Today I woke up with the flu, I think. All of my bones and my muscles ached and even just rubbing my arm hurt, barely brushing it. I had to work at 9am so I took some Ibuprofen and fought it through. I was sweating with goosebumps when I got there, I looked terrible. My metro trainer was sympathetic and concerned, it was sweet.
Sometimes I feel like I put off this big show, like I know everything that is going on and I can conquer any challenge because I am that girl, that girl who has it together and is driven. I have been realizing lately that I dont always want to be that girl. It is empowering to start something and finish it with pride. I really like that feeling. But what about the feeling of taking on impossible tasks? Why do I put myself in situations that leave me feeling so out of control and worthess? Sometimes I try and do things that I think are fun or should be done or try to change things that need to be changed. And then I am anxious. And I wait around for someone to come along and tell me I messed up, I wasn't supposed to do that, I am not allowed to give myself so much credit.

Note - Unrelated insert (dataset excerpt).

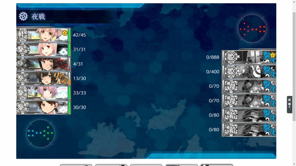 合間で2-4を回ってたので前回の続きとして結果を。 45:○S伊勢 46:×S母港限界 47:×3戦目駆逐大破 48:◎S神威 49:○S利根 50:○S朝潮 51:×2戦目駆逐大破 52:○S霧島 53:○S扶桑 54:×2戦目駆逐大破 55:○S霧島 56:○S比叡 57:×3戦目駆逐大破 58:○S伊勢 59:○S浜風 60:○S浜風 61:○S日向 62:○S伊勢 63:×左下に行った 64:◎A瑞穂 65:○S日向 66:×左上に行った 67:○S大潮 68:×A黒潮 69:○S日向 70:○S扶桑 71:○S雪風 72:...

Anxiety. Why is that all of a sudden my life and the lives around me are filled with so much anxiety? What is it about freedom that scares us so much? What is it about taking life full on, with two bare hands and senseless jobs, with richness in friendship and changing surroundings, that cradles and humiliates us? . Oregon is supposed the be the best thing that is going to happen to me. But what if its not? What if I am casting all my hopes into something that will fail me? I am terrified of moving there. All those logical questions haunt my mind: will I find a job, will I make new friends, will I find a niche, will I like it, will I be homesick, will everything work out? I want more than anything else for my beautiful future to begin there. I am putting so much on the line for it. I am leaving so much behind for it. I am so anxious.
Everything is changing these days. Shifting ever so slightly that I barely notice. My body, my health, my attitude about things I once loved. My mind is slowly detatching itself, I think, from the past, from normalcy, from home. So this is the process of becoming an adult, every man an island. I want more than anything to find someone with which to share my island. This is my biggest hope for Oregon. And my biggest fear.